Data listing: Begin
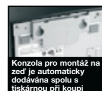
Konzola pro montáž na zeď je automaticky dodávána spolu s tiskárnou při koupi
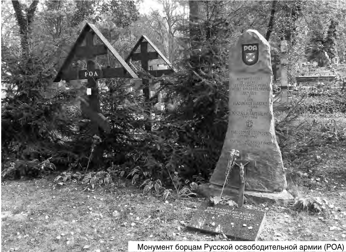
Монумент борцам Русской освободительной армии (РОА)
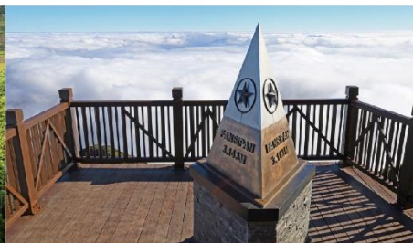
ยอดเขาฟานซิปิน
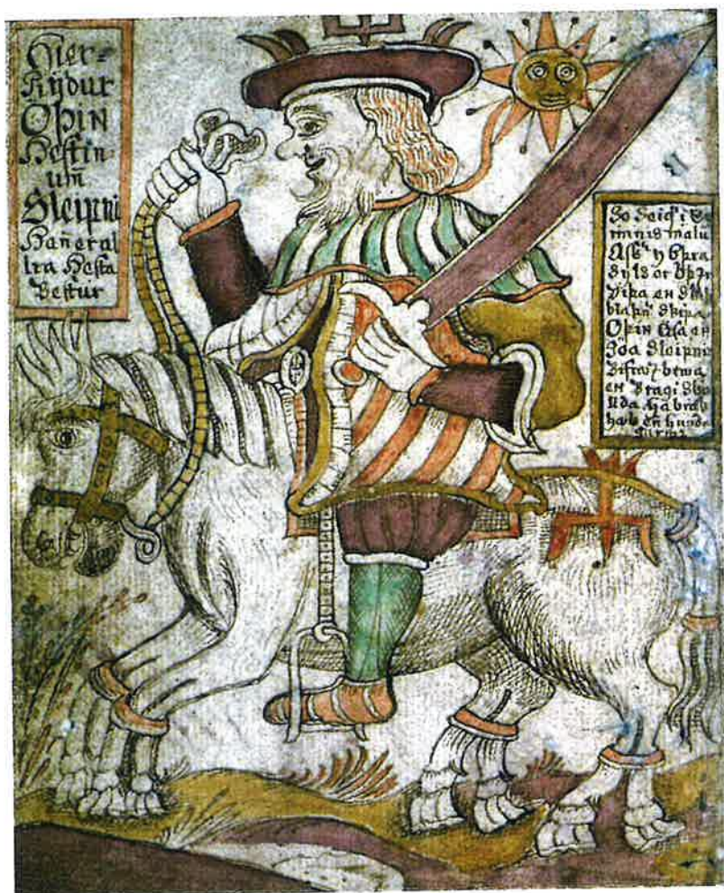
Óðin og Sleipnir.
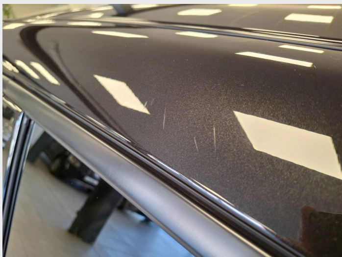
2.10 Små riper over dør v.s.b
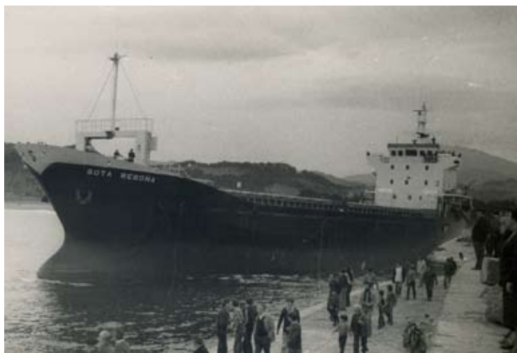
▲ LAU IRUDI Gabarra baten botadura moilan; Balenciagaren aireko ikuspegi bat; arrantzontziak konpontzen; eta Sota Begoñaren itsasoratzea.
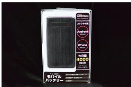
ブリストルパッケージに入れて発送いたします
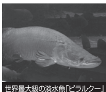
世界最大級の淡水魚「ヒラルクー」

熱帯雨林の温室「トロピカルワンダー」など体験しながら楽しく遊べるサイエンスパーク。
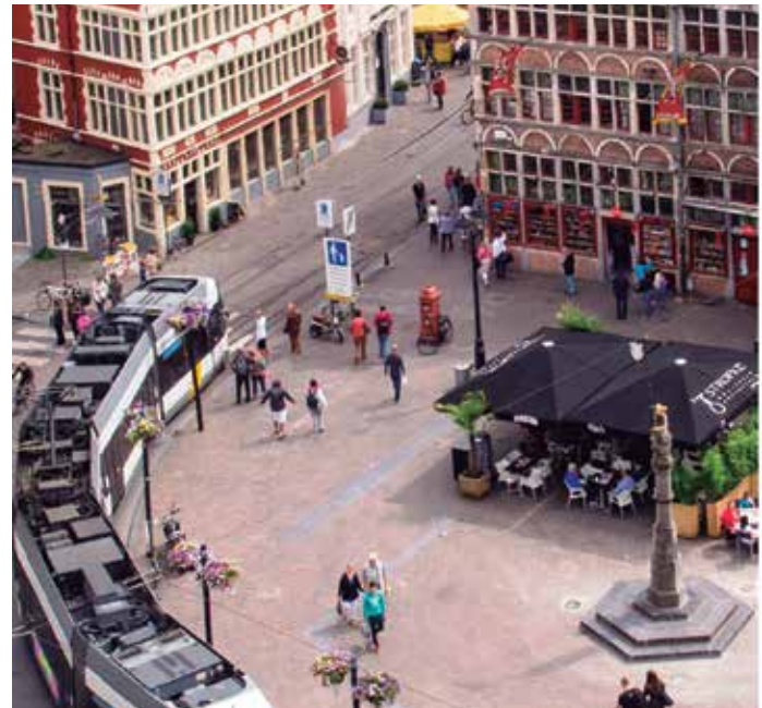
El pasado año participaron 1.931 ciudades europeas.

La semana culminará con el día dedicado a "La ciudad sin mi coche", en el que las ciudades y pueblos habilitan zonas exclusivas para peatones, ciclistas y transporte público, durante todo el día.
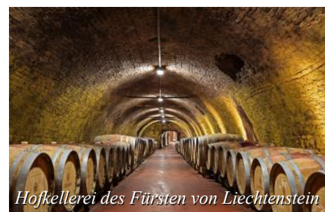
Hofkellerei des Fürsten von Liechtenstein
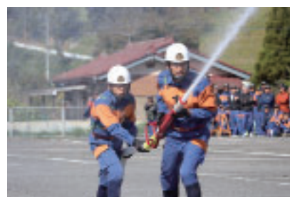
ポンプ車の部で優勝した第3分団
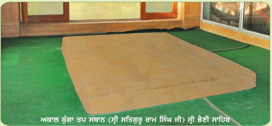
ਅਕਾਲ ਬੁੰਗਾ ਤਪ ਸਥਾਨ (ਸ੍ਰੀ ਸਤਿਗੁਰੂ ਰਾਮ ਸਿੰਘ ਜੀ) ਸ੍ਰੀ ਭੈਣੀ ਸਾਹਿਬ
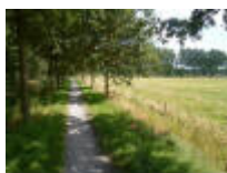
Wandelen langs Maaigemdijk
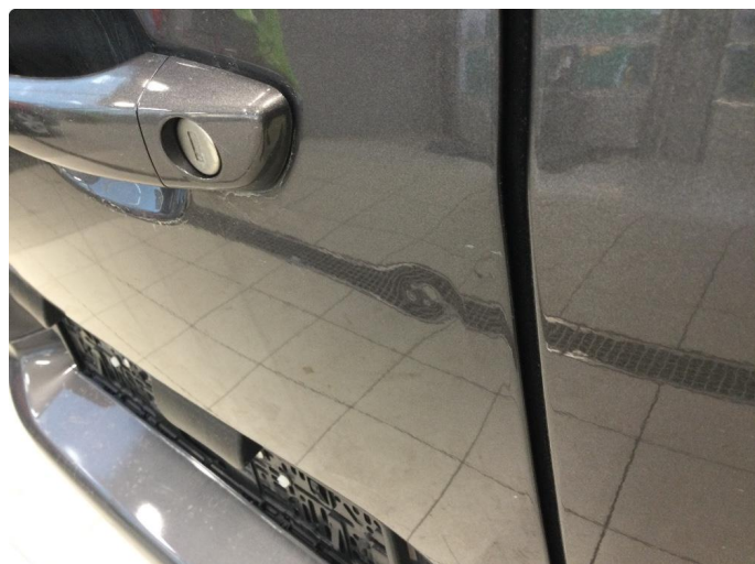
1.1 Liten bulk
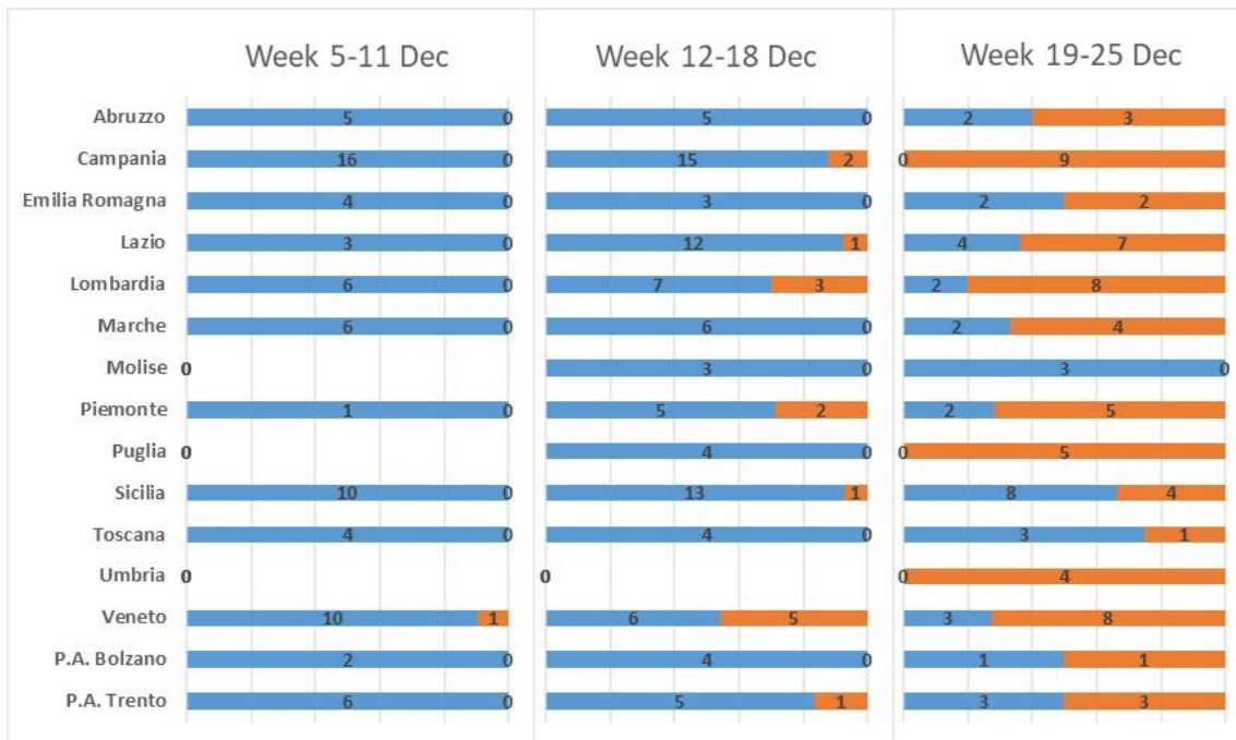
Figure 3: Occurrence of Omicron variant in the different Regions/Autonomous Provinces in the three weeks of the survey

Note: The Region of Liguria was not included in the graph as only two samples were available for the period of the study
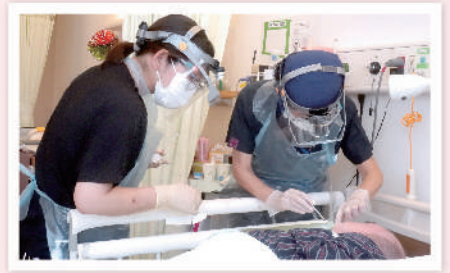
歯科医師と歯科衛生士 による歯科診療
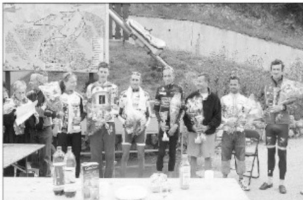
La remise des prix du trophée des Grimpeurs à la Colmiane.
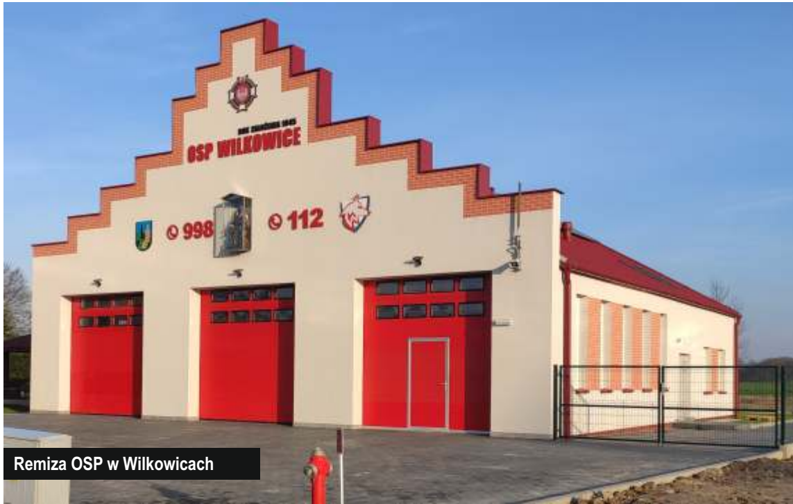
Remiza OSP w Wilkowicach

Koniec roku kalendarzowego to okres kiedy finiszują zadania inwestycyjne zaplanowane na bieżący rok. Rok 2020, choć w cieniu epidemii, był bardzo intensywny pod względem inwestycyjnym. Efekty są zauważalne na każdym kroku.
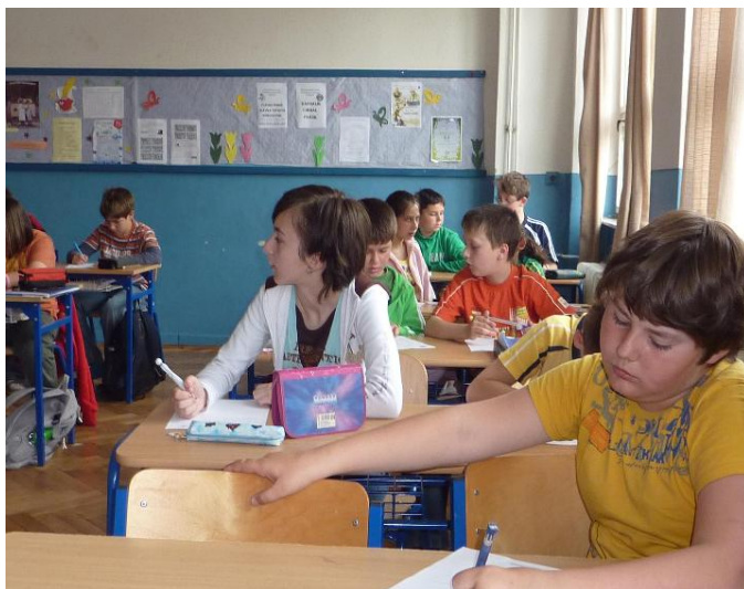
Fotografia č. 1: Vyučovacia hodina pred realizáciou projektu
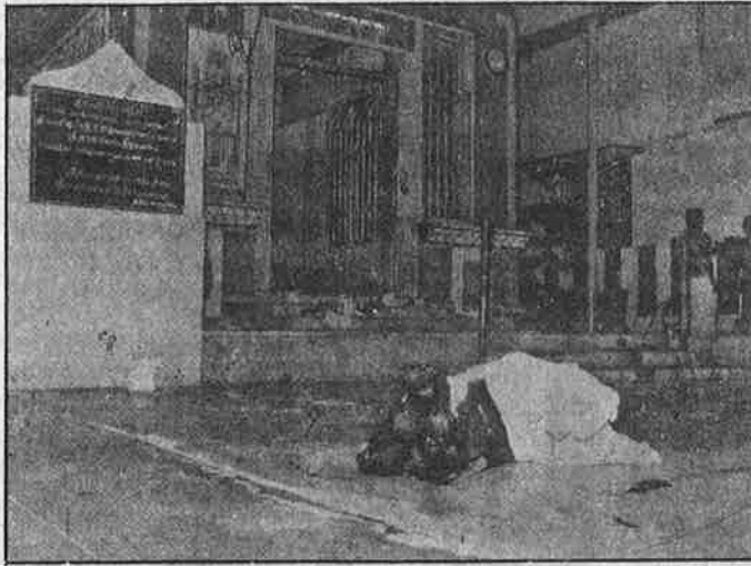
பெரியார் சிலை உடைப்புக்குப் பதிலடியாக, ஈரோட்டில் உள்ள ராகவேந்திரா கோயிலின் மூல விக்கிரகம் உடைக்கப்பட்டது.

பெரியாரின் தொண்டர்கள் என்று கூறிக் கொள்வோர் என்ன செய்தார்கள்? "இனி பொறுப்பதற்கில்லை; நெருப்புடன் விளையாதே" என்று 2 நாள் கழித்து அறிக்கை விட்டார் வைகோ. இதேநிலை தொடர்ந்தால் நாடு தழுவிய போராட்டம் என்று 3 நாள் கழித்து அறிக்கை விட்டார் திருமா. பூணூல் அறுப்பு, இராமன் எரிப்பு போன்ற நடவடிக்கைகளைப் பற்றி பெரிதும் கவலைப்பட்ட 'மார்க்சிஸ்டு' கட்சி கவனத்துடன் செயல்படுமாறு காவல்துறையைக் கேட்டுக் கொண்டது. "இந்து பாசிச அமைப்புகள் தலைதூக்குகின்றன. எச்சரிக்கையுடன் இருக்க வேண்டும்" என்று பயமுறுத்தியது வலது கம்யூனிஸ்டுகளின்
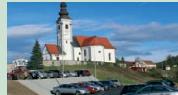
Pred crkvom u Višnjici uređeno je parkiralište s četrdesetak parkirnih mjesta

U blizini višnjičke župne crkve i trga dovršena je izgradnja parkirališta kojim će se riješiti dugogodišnji problem nedostatka parkirnog prostora, posebno u vrijeme obilježavanja crkvenih svetkovina i održavanja crkvenih obreda. Na novom parkiralištu u Višnjici uređeno je četrdesetak parkirnih mjesta.
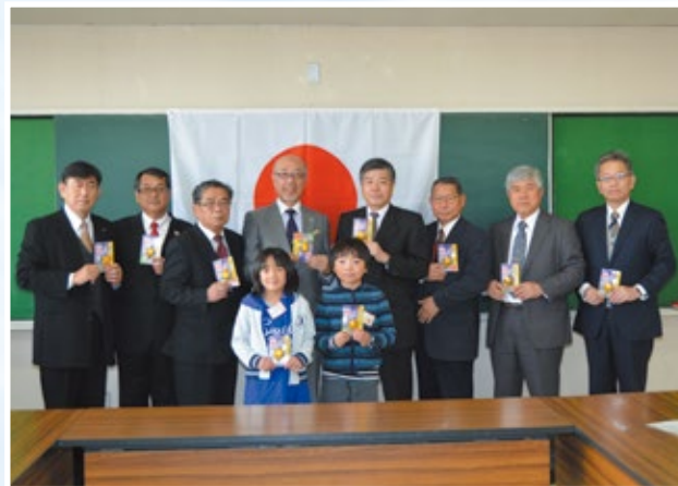
防犯ブザーを子どもたちへ贈呈

子どもたちに対する犯罪防止のために少しでも役立つことを願って、今後もこの活動を継続していきます。
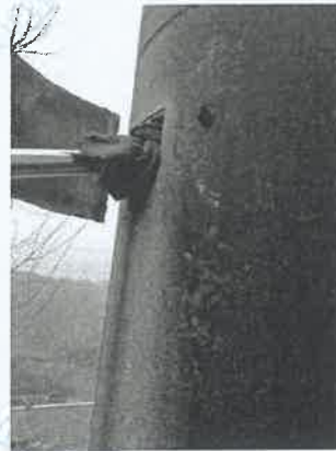
坪石选矿厂皮带除尘器 出口
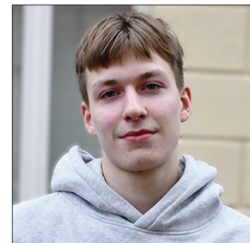
Nīla mērķis ir iekļūt Latvijas izlasē, un viņš uzskata, ka tas ir sasniezams.

"Mani uz priekšu dzen vēlme būt labākam par konkurentiem. Pirms sacensībām cenšos padzerties un dziļi elpot – tas palīdz
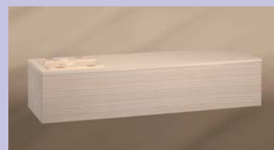
桐張棺 ※表面は桐経木張
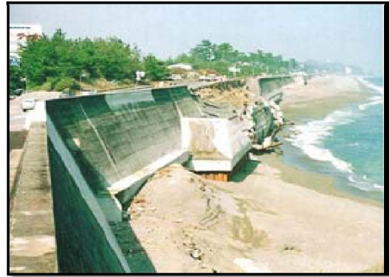
ภาพที่ 2-7 กำแพงป้องกันคลื่นริมชายหาดแบบลาดเอียง ก่อนฐานรากถูกกัดเซาะ (ซ้าย) และ หลังฐานรากถูกกัดเซาะ (ขวา)
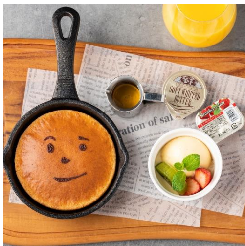
ホットケーキできあがり！
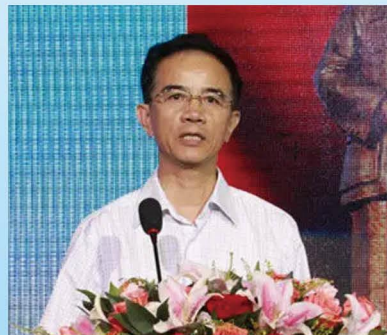
孙逢春 中国工程院院士 新能源汽车专家 电动车辆国家工程实验室主任
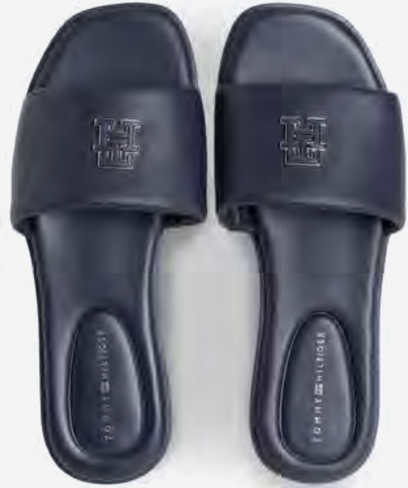
حذاء ميول جلدي مسطح مزين بتفصيلة AED 560
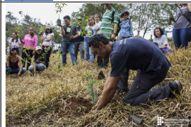
Figure 25: Campus Inconfidentes installation of the Demonstration Unit in Forest Restoration .
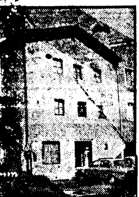
Scheinbar: „Radio-Brenner“-Studio in Sterzing

Die Überleitung für die heute heiße Scheibe lautet: „My little Lady“ — Harry weißblaue Firmennacht und live 102,2 Megahertz mit dem Bayern 3 tief
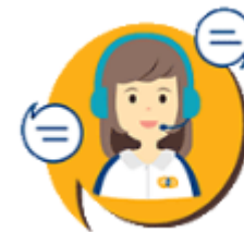
聊天机械人即服务
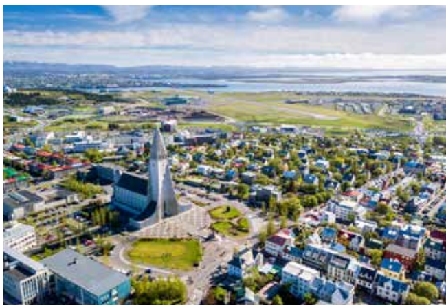
Blick über Reykjavík

LAGE – Reykjavík ist die Hauptstadt der Insel Island. Hier leben ca. 120.000 Menschen. Island, knapp unterhalb des Polarkreises gelegen, ist die zweitgrößte Insel Europas und hat ca. 338.000 Einwohner.
Data listing: End
Work instruction -> In the records above, find the line containing "2.10 Små riper over dør v.s.b" and the line containing "பெரியாரின் தொண்டர்கள் என்று", then give both of them again word for word along with every line between. Omit any pictures.

Answer to this task ->
2.10 Små riper over dør v.s.b
▲ LAU IRUDI Gabarra baten botadura moilan; Balenciagaren aireko ikuspegi bat; arrantzontziak konpontzen; eta Sota Begoñaren itsasoratzea.
ブリストルパッケージに入れて発送いたします
世界最大級の淡水魚「ヒラルクー」

熱帯雨林の温室「トロピカルワンダー」など体験しながら楽しく遊べるサイエンスパーク。
El pasado año participaron 1.931 ciudades europeas.

La semana culminará con el día dedicado a "La ciudad sin mi coche", en el que las ciudades y pueblos habilitan zonas exclusivas para peatones, ciclistas y transporte público, durante todo el día.
Hofkellerei des Fürsten von Liechtenstein
ポンプ車の部で優勝した第3分団
ਅਕਾਲ ਬੁੰਗਾ ਤਪ ਸਥਾਨ (ਸ੍ਰੀ ਸਤਿਗੁਰੂ ਰਾਮ ਸਿੰਘ ਜੀ) ਸ੍ਰੀ ਭੈਣੀ ਸਾਹਿਬ
Wandelen langs Maaigemdijk
1.1 Liten bulk
Figure 3: Occurrence of Omicron variant in the different Regions/Autonomous Provinces in the three weeks of the survey

Note: The Region of Liguria was not included in the graph as only two samples were available for the period of the study
歯科医師と歯科衛生士 による歯科診療
La remise des prix du trophée des Grimpeurs à la Colmiane.
Remiza OSP w Wilkowicach

Koniec roku kalendarzowego to okres kiedy finiszują zadania inwestycyjne zaplanowane na bieżący rok. Rok 2020, choć w cieniu epidemii, był bardzo intensywny pod względem inwestycyjnym. Efekty są zauważalne na każdym kroku.
Fotografia č. 1: Vyučovacia hodina pred realizáciou projektu
பெரியார் சிலை உடைப்புக்குப் பதிலடியாக, ஈரோட்டில் உள்ள ராகவேந்திரா கோயிலின் மூல விக்கிரகம் உடைக்கப்பட்டது.

பெரியாரின் தொண்டர்கள் என்று கூறிக் கொள்வோர் என்ன செய்தார்கள்? "இனி பொறுப்பதற்கில்லை; நெருப்புடன் விளையாதே" என்று 2 நாள் கழித்து அறிக்கை விட்டார் வைகோ. இதேநிலை தொடர்ந்தால் நாடு தழுவிய போராட்டம் என்று 3 நாள் கழித்து அறிக்கை விட்டார் திருமா. பூணூல் அறுப்பு, இராமன் எரிப்பு போன்ற நடவடிக்கைகளைப் பற்றி பெரிதும் கவலைப்பட்ட 'மார்க்சிஸ்டு' கட்சி கவனத்துடன் செயல்படுமாறு காவல்துறையைக் கேட்டுக் கொண்டது. "இந்து பாசிச அமைப்புகள் தலைதூக்குகின்றன. எச்சரிக்கையுடன் இருக்க வேண்டும்" என்று பயமுறுத்தியது வலது கம்யூனிஸ்டுகளின்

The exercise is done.